I also apologize. I admit when I mess up. That same teacher who gave me a C said on my grade feedback that I should never apologize to students because it shows weakness. I wholeheartedly disagree. Last week, I totally blew it with TLK. He ended up in tears, staring at his math worksheet looking the saddest I’ve seen him in a long time. He reminded me of 2012-TLK, the little boy who was so shy he couldn’t muster any communication if there were two adults in the room instead of just one. I was ready to cry with him. And I was ready to apologize, but he wasn’t ready to look at me yet. So I did the only thing I could think to do. I wrote him a note:

IMG_20150119_083416

I am sorry.

Ok, that was the first note. The second one was more in my style:

Description: Yellow sticky note with an illustration of a little boy stick figure with three thought bubbles. The first says "I'm a good kid!" The second is a giant picture of the teacher's mean head, and the third says "Ms. Danielle is a big meanie head."

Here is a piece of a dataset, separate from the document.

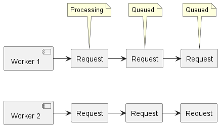 Keeping requests queued up ensures that we never leave a worker without work to do while also allowing us to measure whether all workers are processing requests at a consistent rate. The P95 request latency metric will tell us how well balanced our queues are – large P95 latencies will indicate that some queues are slowing down and not keeping up as well as others.

Description: Yellow sticky note with an illustration of a little boy stick figure with three thought bubbles. The first says “I’m a good kid!” The second is a giant picture of the teacher’s mean head, and the third says “Ms. Danielle is a meanie head.”

I am never afraid to show my students the real me. It’s the only full access some of them have to an adult who can model appropriate, well-adjusted (well, mostly well adjusted) reactions to life and strife. They can’t learn to overcome an anxious feeling if no one shows them how to handle their nerves. They don’t know how to ask for a break to go cry if no one tells them it’s okay to cry sometimes.

I’m a real person. And I think I’d rather err on the side of too real than to have too much “decorum.”